#the protocol of BoBro2.0: BBR, BBS, BBC and BBA.

Functions	BoBro2.0	Unique feature
Motif Refining	BBR	Strong ability in filtering out noises at a genome scale
Motif Scanning	BBS	p-value assessment for all the scanned candidate motifs
Motif Comparison	BBC	Utilization of weak conserved signals of motifs¡¯ flanking regions when comparing motifs; A motif clustering algorithm
Motif Annotation	BBA	Motifs¡¯ co-occurrence annotation

Installation

Simply put "BoBro2.0.tar.gz" in any directory,

$ tar zxvf BoBro2.0.tar.gz

enter the folder "BoBro2.0/" and type

$ ./INSTALL

BBR usage

The software called 'BBR' has the following functions:

De-nove Motif finding in a fasta format promoter file.
De-nove Motif finding with background sequences (if have) in fasta format.
Motif finding with a comparative genomic framework.

BBR: CMD line

Simply run the following cmd to get a brief guide.

$ perl BBR.pl

To do De-nove Motif finding in a fasta format promoter file:

$ perl BBR.pl 1 promoters

To do De-nove Motif finding with background sequences (if have) in fasta format:

$ perl BBR.pl 2 promoters background_file

To do Motif finding with a comparative genomic framework:

$ perl script/bbr_cmp_method.pl

BBR: Inputs and outputs

When used to do De-nove motif finding

The promoter file and background_file should be in standard fasta format,(see promoter and background file in this folder for example).
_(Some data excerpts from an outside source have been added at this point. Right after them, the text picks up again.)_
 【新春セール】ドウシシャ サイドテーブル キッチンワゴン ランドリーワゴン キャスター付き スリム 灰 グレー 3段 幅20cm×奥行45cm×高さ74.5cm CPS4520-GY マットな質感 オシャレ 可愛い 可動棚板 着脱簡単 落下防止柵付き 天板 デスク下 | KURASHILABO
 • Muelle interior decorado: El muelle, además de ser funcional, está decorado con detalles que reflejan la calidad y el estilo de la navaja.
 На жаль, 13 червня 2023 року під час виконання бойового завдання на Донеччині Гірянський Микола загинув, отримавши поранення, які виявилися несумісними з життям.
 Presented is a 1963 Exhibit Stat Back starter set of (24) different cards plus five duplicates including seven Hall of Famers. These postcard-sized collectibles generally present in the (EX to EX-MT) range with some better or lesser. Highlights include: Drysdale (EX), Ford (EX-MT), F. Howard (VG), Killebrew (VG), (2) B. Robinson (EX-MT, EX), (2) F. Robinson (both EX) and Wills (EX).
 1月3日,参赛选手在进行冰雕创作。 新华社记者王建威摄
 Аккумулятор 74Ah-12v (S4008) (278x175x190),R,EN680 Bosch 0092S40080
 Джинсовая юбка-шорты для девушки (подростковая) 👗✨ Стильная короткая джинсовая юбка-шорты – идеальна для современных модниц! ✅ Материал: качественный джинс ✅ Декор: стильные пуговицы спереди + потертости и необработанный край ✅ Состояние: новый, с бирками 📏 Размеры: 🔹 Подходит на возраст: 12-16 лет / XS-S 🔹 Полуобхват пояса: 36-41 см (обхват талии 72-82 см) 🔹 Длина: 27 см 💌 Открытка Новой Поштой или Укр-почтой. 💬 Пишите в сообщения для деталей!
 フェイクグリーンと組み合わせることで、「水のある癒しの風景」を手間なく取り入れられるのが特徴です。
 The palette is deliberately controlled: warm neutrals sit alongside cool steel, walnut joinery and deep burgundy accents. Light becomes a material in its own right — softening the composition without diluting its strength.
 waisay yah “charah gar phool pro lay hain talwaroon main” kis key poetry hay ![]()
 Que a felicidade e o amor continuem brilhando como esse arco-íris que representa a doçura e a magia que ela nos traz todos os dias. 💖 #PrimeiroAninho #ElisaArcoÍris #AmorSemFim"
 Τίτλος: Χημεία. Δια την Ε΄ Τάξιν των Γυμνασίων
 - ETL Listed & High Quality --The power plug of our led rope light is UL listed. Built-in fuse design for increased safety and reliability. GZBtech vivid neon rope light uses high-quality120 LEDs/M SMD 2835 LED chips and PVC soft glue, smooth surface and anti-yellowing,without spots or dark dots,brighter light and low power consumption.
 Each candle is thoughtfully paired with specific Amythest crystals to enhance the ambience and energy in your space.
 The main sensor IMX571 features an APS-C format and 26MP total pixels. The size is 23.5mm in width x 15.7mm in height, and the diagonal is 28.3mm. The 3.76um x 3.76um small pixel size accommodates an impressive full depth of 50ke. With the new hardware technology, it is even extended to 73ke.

The output file will be named promoters.closures, (see promoters.closures for example). Basically, it contains

input data summary
command line summary
for each motif candidate found, there will be detailed information:

motif seed: the seed sequence used to find this motif(which is a 'core' of the motif);
motif position weight matrix and consensus;
a table show all the aligned motif.

When used to do Motif finding with a comparative genomic framework

For the target genome and reference genomes, three kinds of data is needed:

the genome data (which could be downloaded from ncbi genebank);
the operon data (which could be downloaded or predicted from DOOR database);
the orthology relationship between the target and references (which could be predicted use RBH method or GOST);

NOTE: Please see the the contents of folder example for details.

Take E. coli as the target genome, two other species as reference.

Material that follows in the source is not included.